#### [ACTIVITY]
Please repeat, exactly and without pictures, the lines of the entries below that run from the one containing "近日,15vip太阳集团所属" through the one containing "Si tratta della".

#### [RECORDS TO PROCESS]

▼

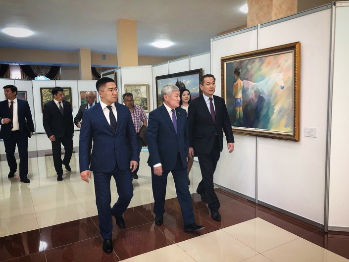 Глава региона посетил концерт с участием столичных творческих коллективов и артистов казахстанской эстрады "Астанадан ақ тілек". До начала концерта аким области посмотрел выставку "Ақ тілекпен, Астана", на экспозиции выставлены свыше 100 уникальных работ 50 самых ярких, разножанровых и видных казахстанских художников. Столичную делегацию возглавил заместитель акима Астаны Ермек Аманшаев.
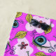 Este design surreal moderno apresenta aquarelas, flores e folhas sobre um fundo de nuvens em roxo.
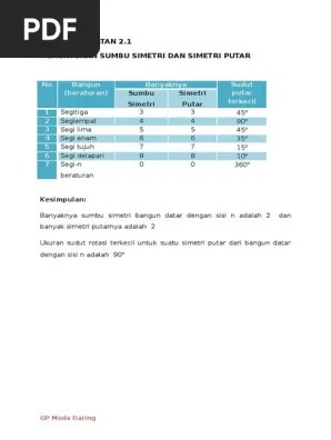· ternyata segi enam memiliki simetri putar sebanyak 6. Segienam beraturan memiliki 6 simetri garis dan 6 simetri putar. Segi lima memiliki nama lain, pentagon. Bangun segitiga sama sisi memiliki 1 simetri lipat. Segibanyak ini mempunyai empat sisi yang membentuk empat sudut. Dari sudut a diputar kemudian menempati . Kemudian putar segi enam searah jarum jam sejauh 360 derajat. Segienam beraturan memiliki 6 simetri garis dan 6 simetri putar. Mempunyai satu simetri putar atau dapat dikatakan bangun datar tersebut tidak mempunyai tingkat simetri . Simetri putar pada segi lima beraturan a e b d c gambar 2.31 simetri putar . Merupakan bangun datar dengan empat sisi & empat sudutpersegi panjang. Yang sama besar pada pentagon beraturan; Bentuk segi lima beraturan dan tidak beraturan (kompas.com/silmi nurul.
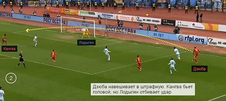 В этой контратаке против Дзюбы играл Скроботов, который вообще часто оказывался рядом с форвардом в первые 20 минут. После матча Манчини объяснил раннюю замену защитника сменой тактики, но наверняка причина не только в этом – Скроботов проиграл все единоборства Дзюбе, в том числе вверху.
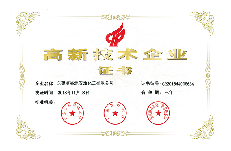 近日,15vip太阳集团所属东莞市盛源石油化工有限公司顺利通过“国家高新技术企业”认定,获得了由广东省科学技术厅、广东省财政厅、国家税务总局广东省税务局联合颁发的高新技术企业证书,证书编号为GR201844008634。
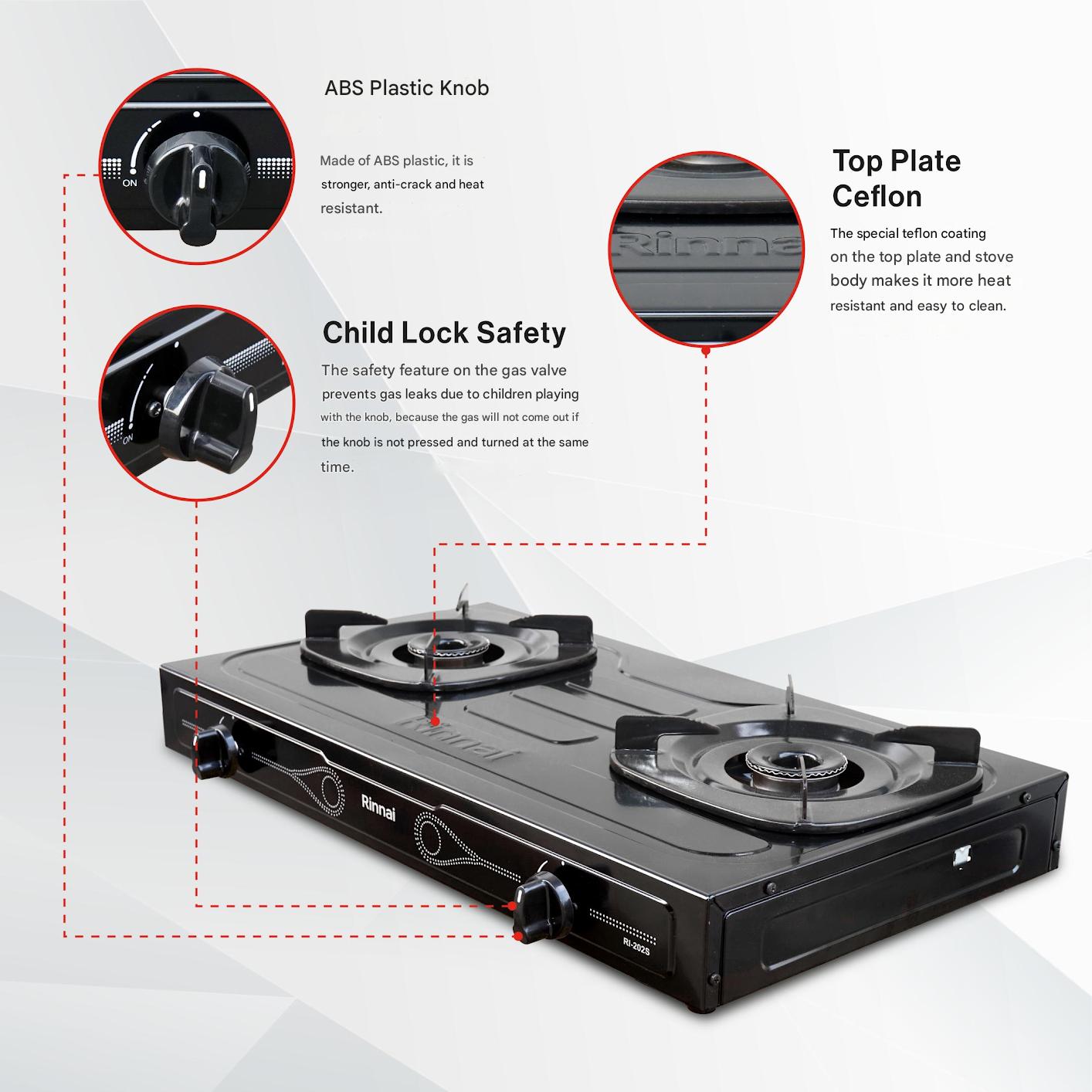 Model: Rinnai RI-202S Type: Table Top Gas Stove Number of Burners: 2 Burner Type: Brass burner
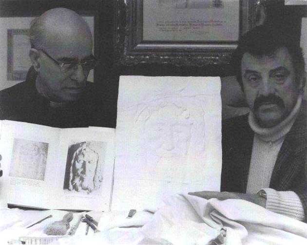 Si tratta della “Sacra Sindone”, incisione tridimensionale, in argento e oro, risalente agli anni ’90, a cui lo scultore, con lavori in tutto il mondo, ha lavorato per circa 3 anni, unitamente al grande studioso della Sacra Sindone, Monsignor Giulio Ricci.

▲
▼

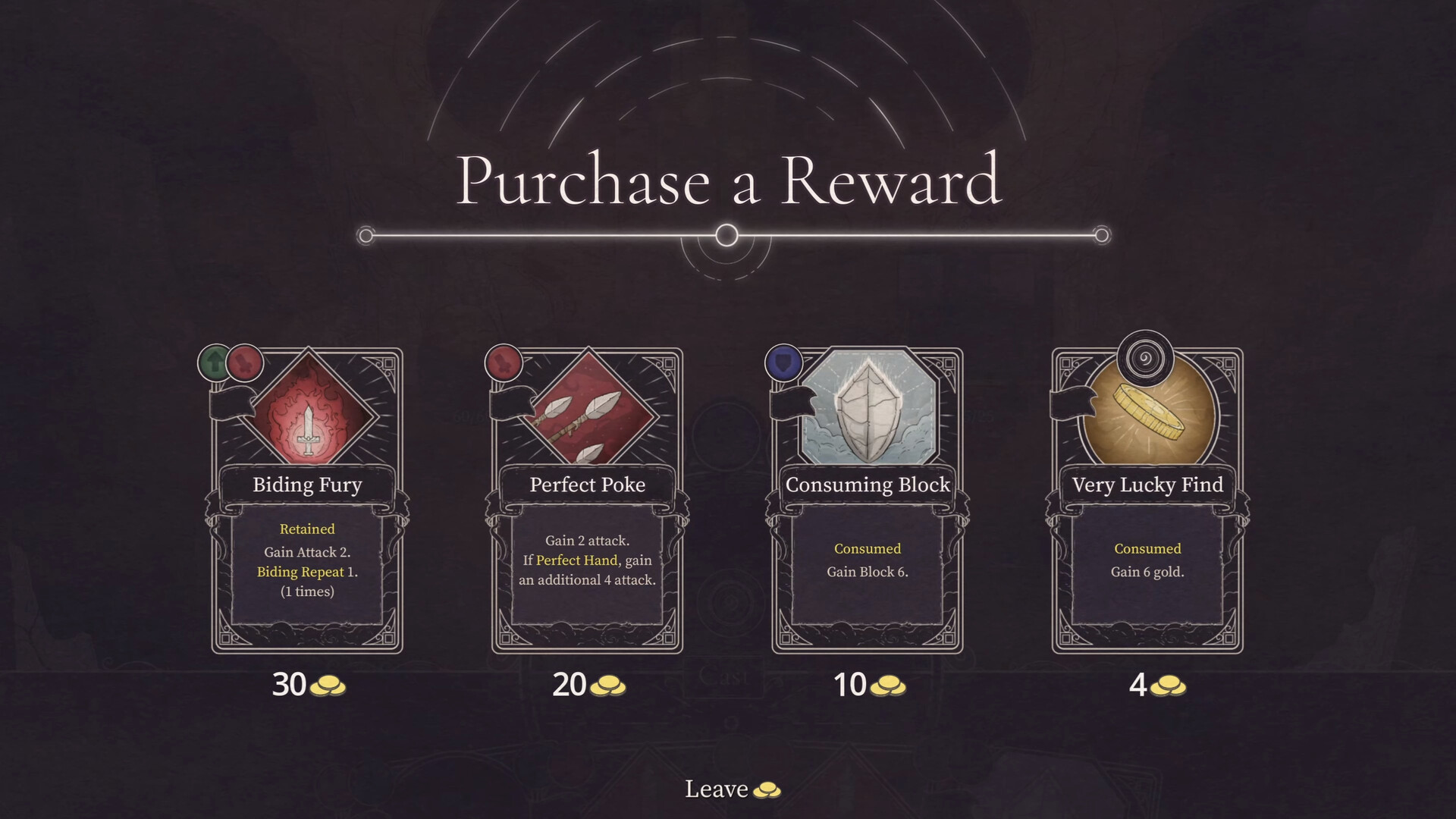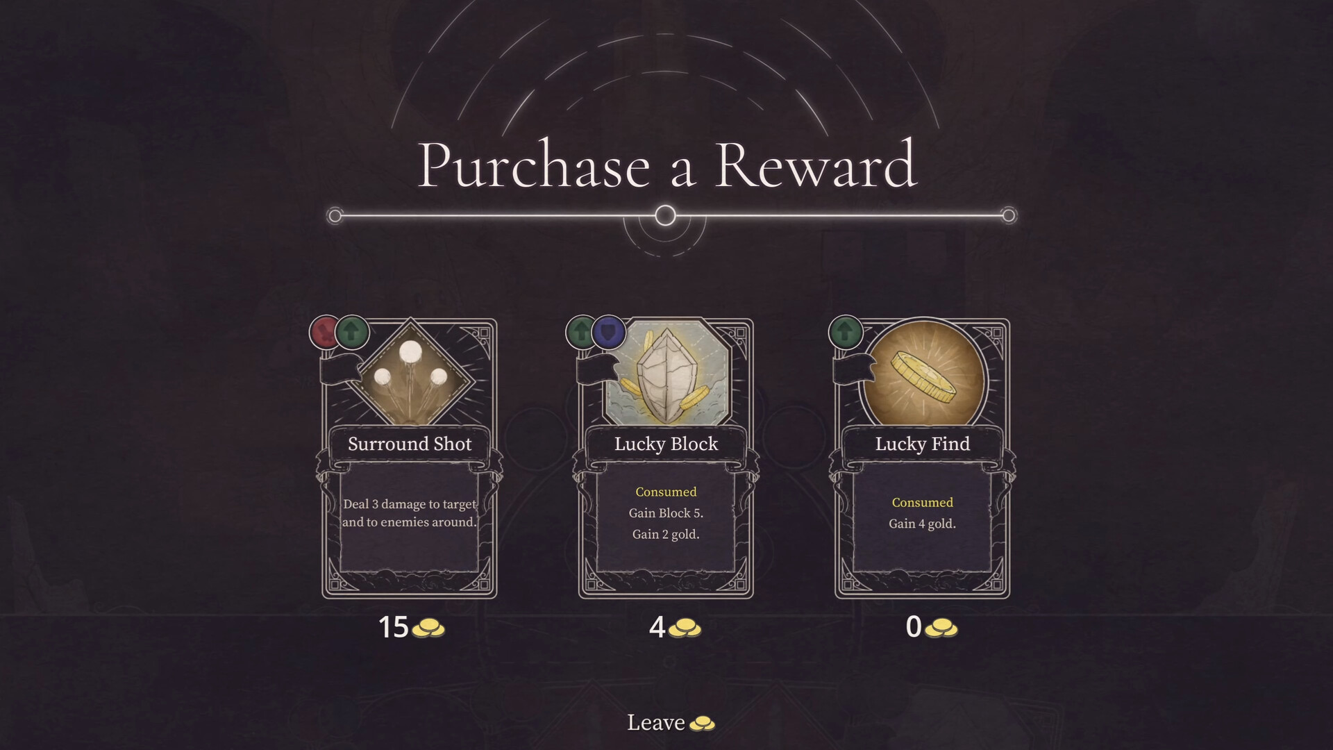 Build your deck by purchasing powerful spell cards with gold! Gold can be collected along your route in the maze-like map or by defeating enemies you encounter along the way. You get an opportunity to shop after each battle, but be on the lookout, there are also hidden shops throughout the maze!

▲

#### [SOLUTION]
 近日,15vip太阳集团所属东莞市盛源石油化工有限公司顺利通过“国家高新技术企业”认定,获得了由广东省科学技术厅、广东省财政厅、国家税务总局广东省税务局联合颁发的高新技术企业证书,证书编号为GR201844008634。
 Model: Rinnai RI-202S Type: Table Top Gas Stove Number of Burners: 2 Burner Type: Brass burner
 Si tratta della “Sacra Sindone”, incisione tridimensionale, in argento e oro, risalente agli anni ’90, a cui lo scultore, con lavori in tutto il mondo, ha lavorato per circa 3 anni, unitamente al grande studioso della Sacra Sindone, Monsignor Giulio Ricci.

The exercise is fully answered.